Does not. Also, it does not seem to work for more complicated constructs. Concretely i wanted to use something along

g[Sequence @@ VarList] := Evaluate[ArrayFlatten[{{SparseArray[{{f @@ ParList}}]}}]];
g @@ ValList //MatrixForm

(x^2+3 y^3)

Does not work. To finally make my confusion complete, note that the last expression works again, if i drop both of the outer pair of curly brackets. That is

g[Sequence @@ VarList] := Evaluate[ArrayFlatten[SparseArray[{{f @@ ParList}}]]];
g @@ ValList //MatrixForm

(85)

works again. Do you undestand this strange behavior?

R. Funden
  • 23
  • 3

3 Answers3

1
  1. Because Mathematica functions are really pattern-matching, it's possible to simplify the function definition by making f and g take a list of parameters as input:
VarList={x_, y_};
ParList={x, y};
ValList={2, 3};

f[VarList] := x^2 + 3 y^3;
g[VarList] := Evaluate[3 f@ParList]

Print@ f[ValList]
Print@ g[ValList]

Try it online!

That way you use f[{2, 3}] or f@{2, 3} to call it.

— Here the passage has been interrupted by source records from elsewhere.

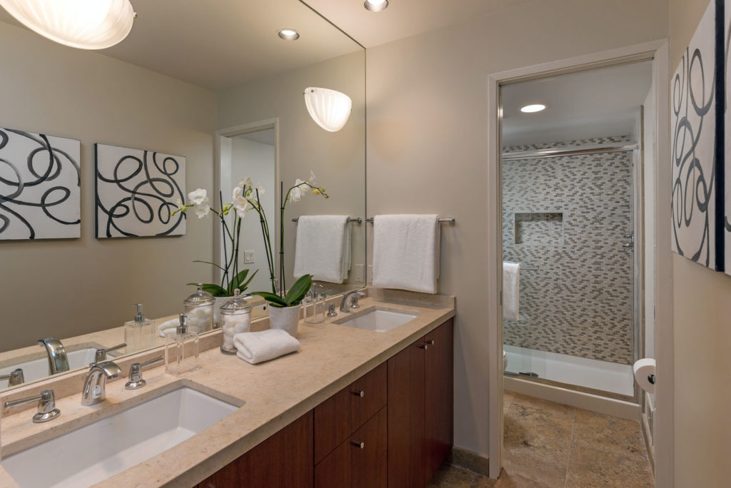Lower level; dual sink vanity with granite counter and stone tile floor; large stall shower with sliding glass door and stone tile surround
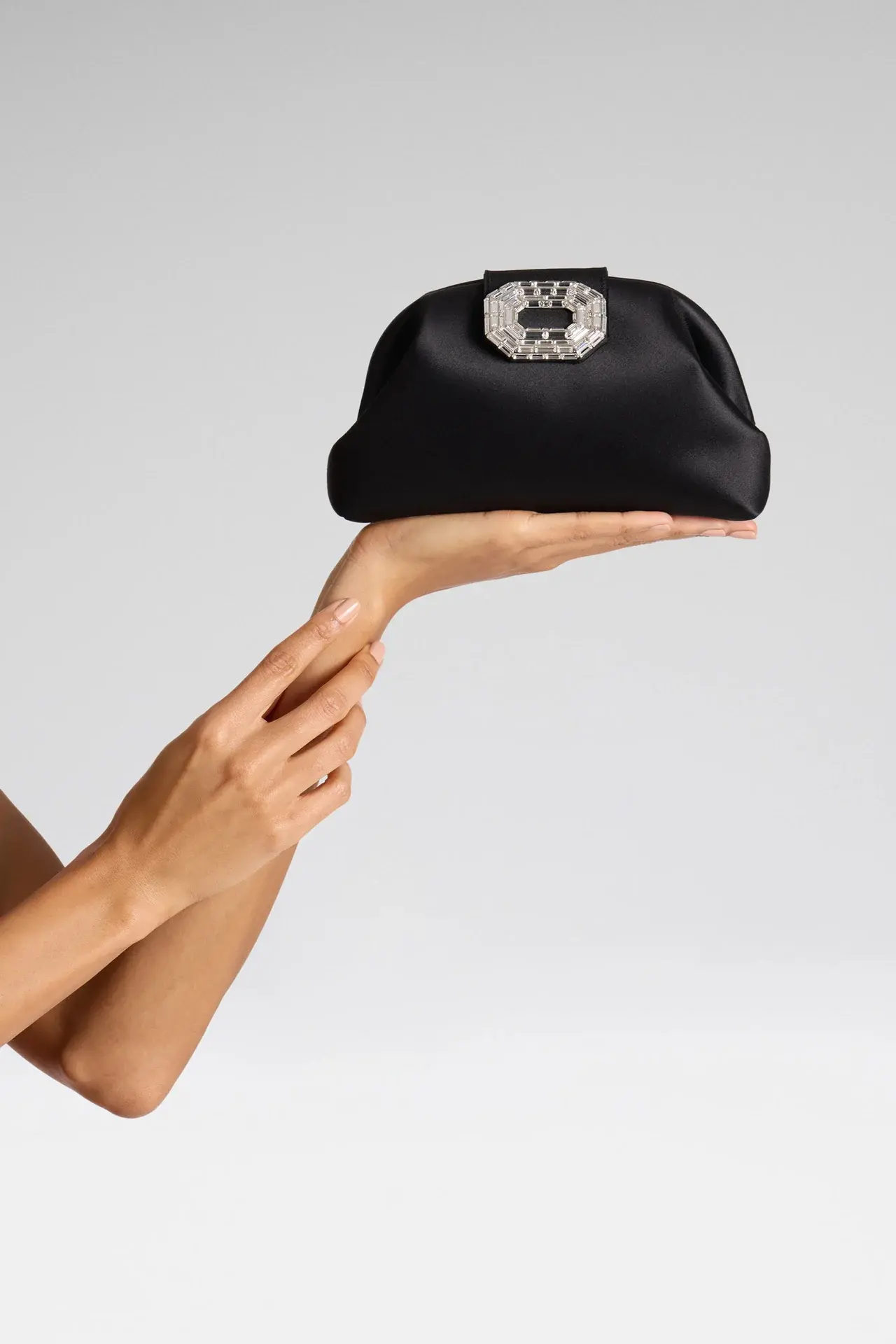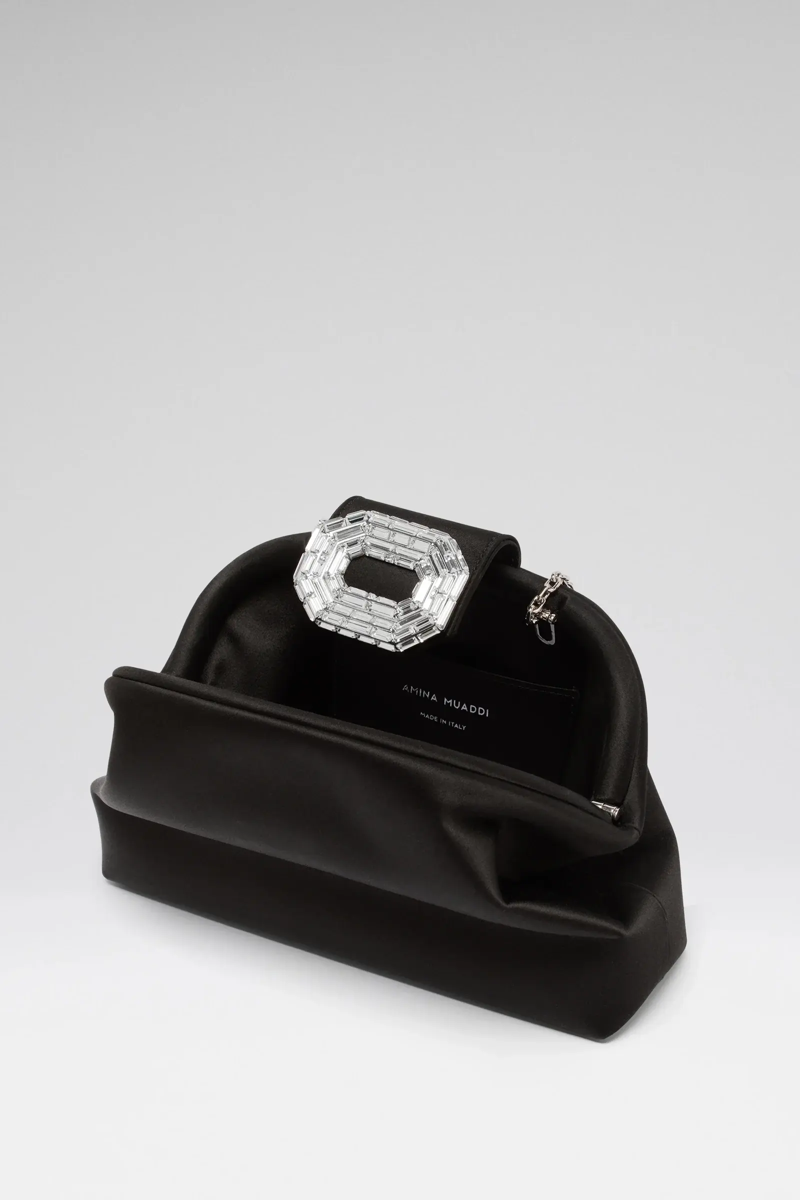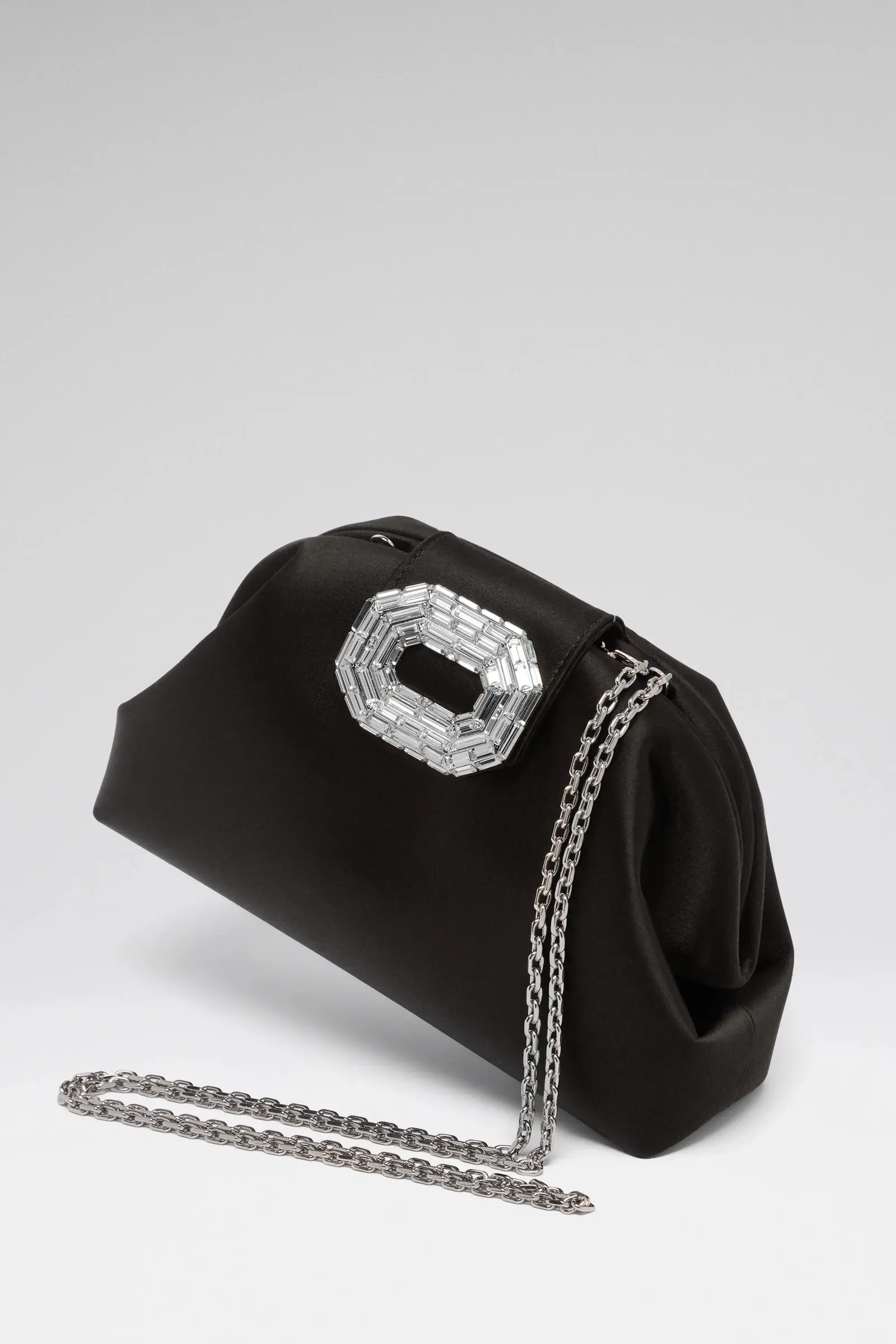 Camelia Clutch Black Satin • L 21cm x W 9cm x H 11cm • Signature Buckle Strap • Internal flat pocket • Magnetic closure • Cross Body Chain With Foldable Links • Dust Bag and Box Included Composition • External: 90% Satin and 10% Crystals • Internal: 100% Satin • Hardware: 100% Brass Origin Made in Italy
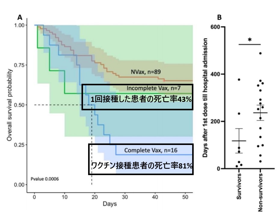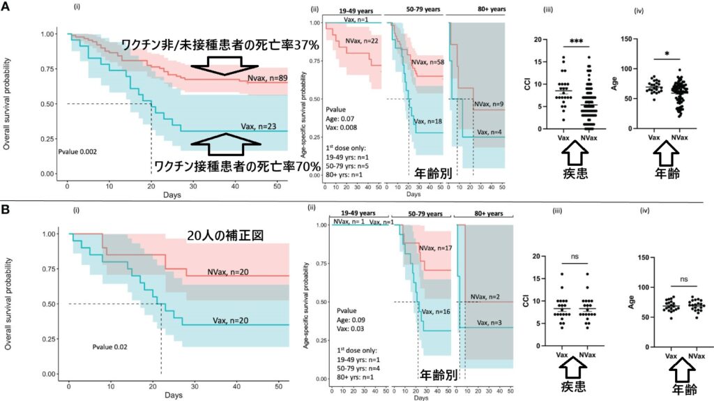 新型コロナウイルス感染患者の、💉❝新型コロナ『遺伝子/mRNA』ワクチン❞💉接種患者と非/未接種患者の死亡率は接種者が有意に高いことから、非/未接種患者の生存率が高いことが分かった💡
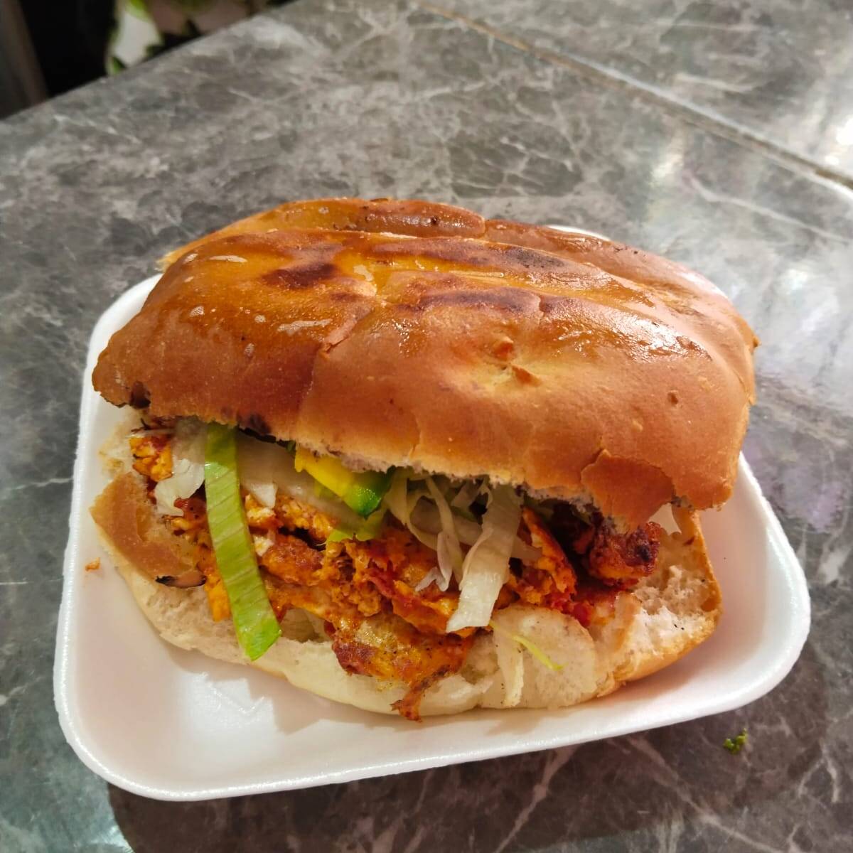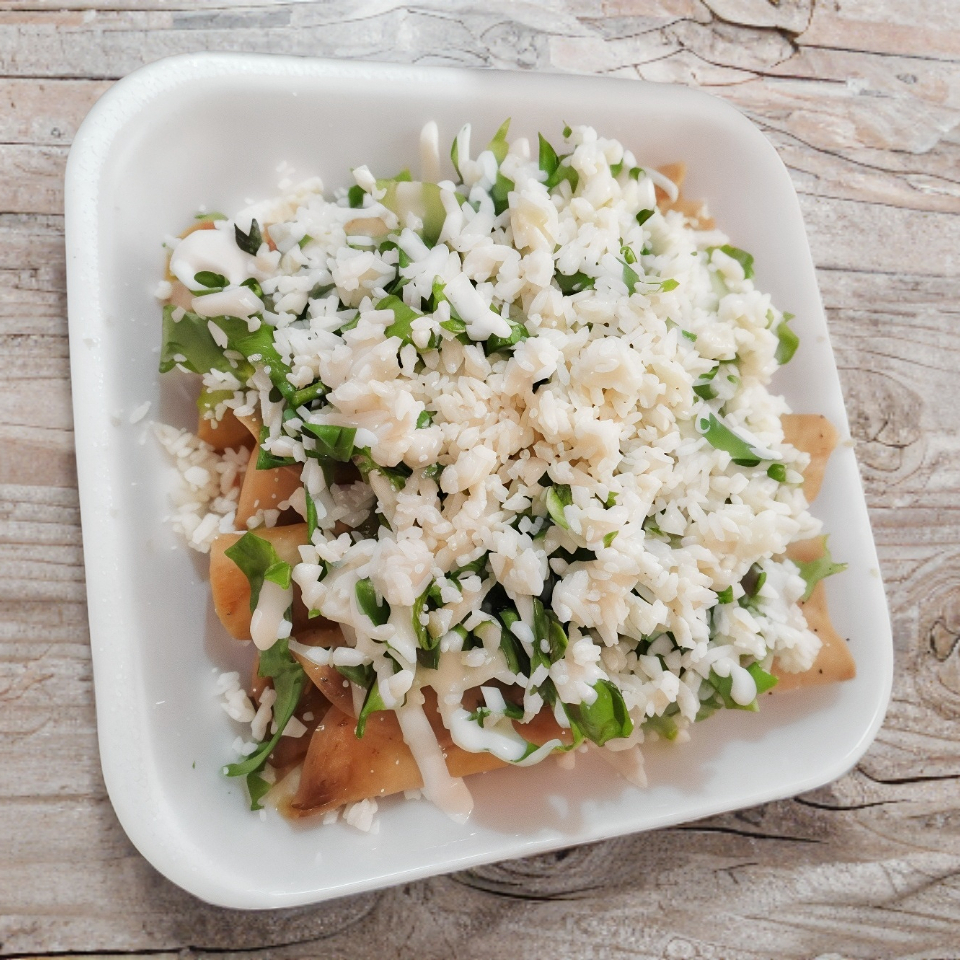 Empanada hecha con masa fresca y pollo en tinga recien elaborado acompañada de lechuga fresca, crema y queso sopero de la mejor calidad
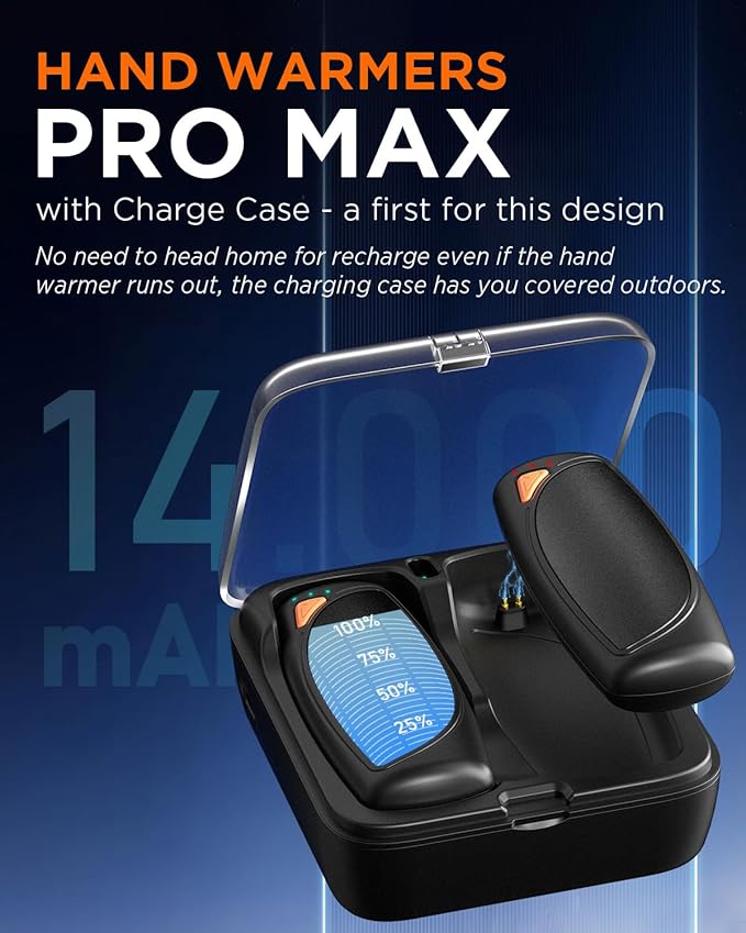 - HAND WARMERS PRO MAX WITH CHARGE CASE: VIMWING hand warmers set includes 2x 2,000mAh hand warmers and a 10,000mAh rechargeable charging case, allowing you to recharge your dual hand warmers 1.7 times on the go. Enjoy extended warmth without worrying about running out of power during outdoor activities like golfing, hiking, hunting, etc.
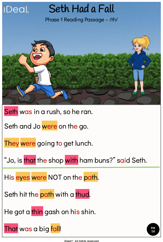 For this session, ‘Seth Had a Fall’ was selected as the decodable text. Although it included more irregular words than the other text for this concept, ‘Maths Was Fun’, it was the better fit for breaking the learning across two sessions. With explicit teaching of the irregular words, Hugo would be set up for success, even if extra review was needed due to the number of new words introduced.
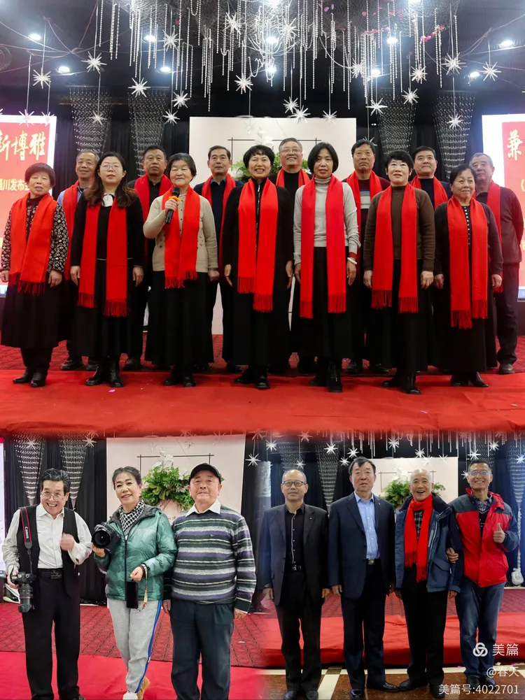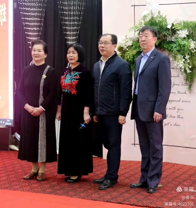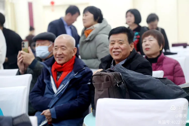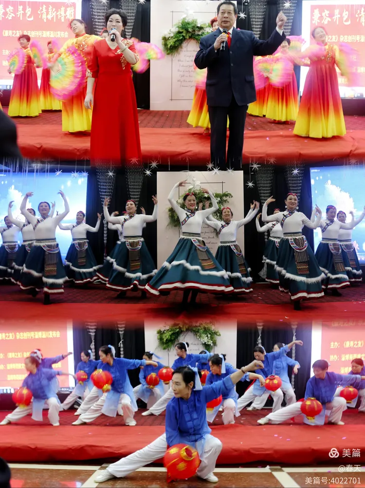 文艺演出环节更是精彩纷呈,高潮迭起。京剧唱段字正腔圆,余音绕梁;歌曲演唱深情款款,直抵人心;太极扇舞动静结合,刚柔并济;健美舞韵,舞姿翩跹,彩蝶纷飞,红梅报春;更有诗词吟诵,声情并茂,古韵悠长。台上台下,欢声笑语,其乐融融,最后众嘉宾移步台前,合影留念,定格下这历史性的一刻。
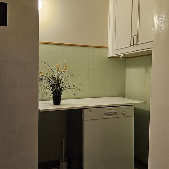 Ett tevligt hus, med bra planlösning, i ett lungt område. Stor parkering för fler bilar på gården. Närhet till lokaltrafik, skola odyl, rekreationsområde, badhus och restauranger och handel. Huset har 5 sovrum, separat duschrum, badrum och wc samt vardagsrum. Kök har basutrustning för 8 personer. Entrén har generös yta för ytterkläder och skor. Altan och uterum, med enklare sittmöbel, finns på gårdssidan med dörr från hallen. Garaget är ombyggt till tvättstuga med generös yta för grovtvätt, tvätt och tork, samt återvinningskärl. Serviceavgif...
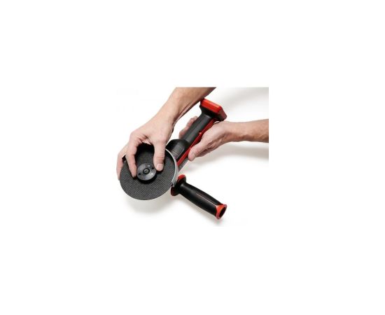 Работа с машинкой очень комфортна, благодаря компактной конструкции с эргономичной мягкой рукояткой, дополнительной двухпозиционной ручке, а также разделению двигателя и редуктора. Наличие гайки быстрой фиксации устраняет необходимость в торцевом гаечном ключе для замены режущего диска: замена происходит быстро и без использования инструментов. Защитный кожух с быстрой регулировкой обеспечивает гибкую работу. Инструмент поставляется с аккумулятором 4 Ач и зарядным устройством 3А.
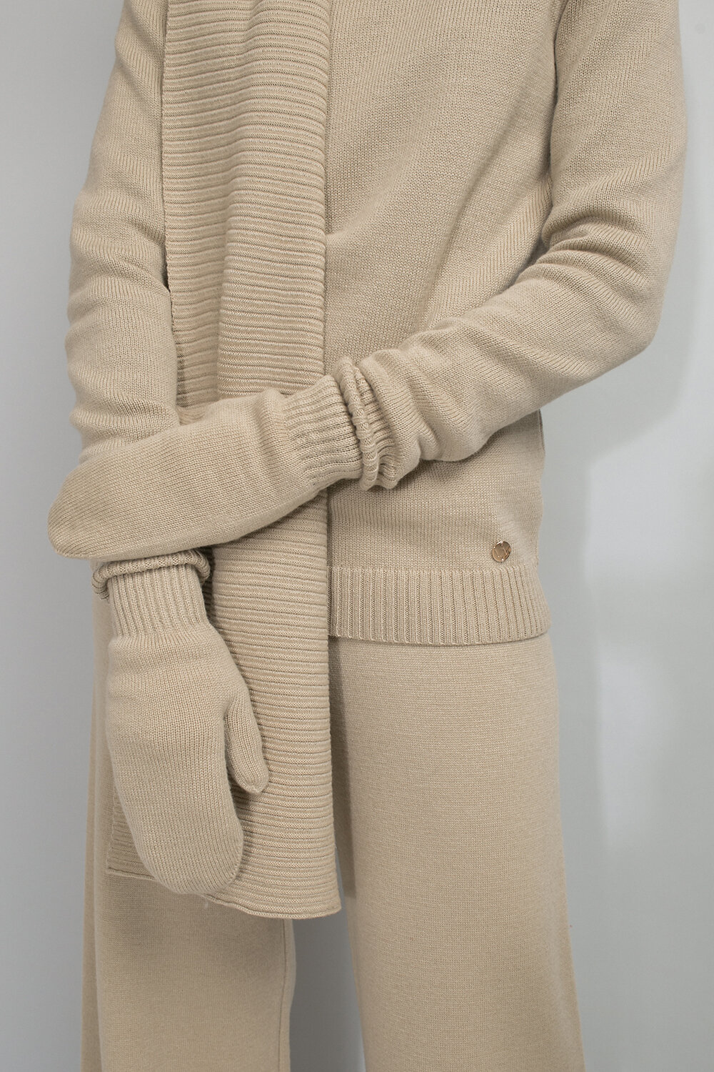 Однотонный вязаный шарф. Связан резинкой. Украшен металлическим значком с тиснёнными буквами VN и фирменной этикеткой.

  1. Pattern (:) can be used:
VarList=ParList:{x_,y_};
ValList={2, 3};

f[VarList] := x^2 + 3 y^3;
g[VarList] := 3 f@ParList

Print@ f[ValList]
Print@ g[ValList]

Try it online!

Explanation: The definition of f and g expands to

f[ParList:{x_,y_}] := x^2 + 3 y^3;
g[ParList:{x_,y_}] := 3 f@ParList

This also makes Evaluate unnecessary. It may be undesirable to use Evaluate, for example:

ParList={x};

f[ParList:{x_}] := Simplify@x;
g[{x_}] := Evaluate[f@ParList];

Print@ f@{a*b+a*c+a*d+a*e}
Print@ g@{a*b+a*c+a*d+a*e}

Try it online!

user202729
  • 502
  • 3
  • 11
  • I find that this solution is superior to the others because it spares the Evaluate and i really only want to evaluate the code in the very last step for reasons of runtime. Nevertheless, before i accept the answer let me ask one thing: After implementing your solution my code takes roughly ~3 times as much time as before, which is undesirable. The evaluate is gone, so what takes extra time here? Isn't there a way to make it run as fast as before. I mean in the end all what i ask for is just a nicer optical appearance of my code without lengthy list of parameters everywhere. Thanks. – R. Funden Jul 19 '18 at 18:27
  • I am sorry this was my mistake, your code works just fine, without any loss of speed! (I had overlooked some instances of Evaluate which were in place after i tried to implement the solution of @kglr above.). Thanks. – R. Funden Jul 19 '18 at 18:42
1

I prefer user202729's alternative using Pattern but adhering to your original specification your goal can be achieved with a method from Injecting a sequence of expressions into a held expression:

VarList = {x_, y_};
ParList = {x, y};
ValList = {2, 3};

{VarList, ParList} /. {{var__}, {par__}} :> 
  (
   f[var] := x^2 + 3 y^3;
   g[var] := 3 f[par];
  )

g @@ ValList

255
Mr.Wizard
  • 271,378
  • 34
  • 587
  • 1,371
0
  1. Don't do this.
  2. g[Sequence @@ VarList] = 3 f @@ ParList;
Alan
  • 13,686
  • 19
  • 38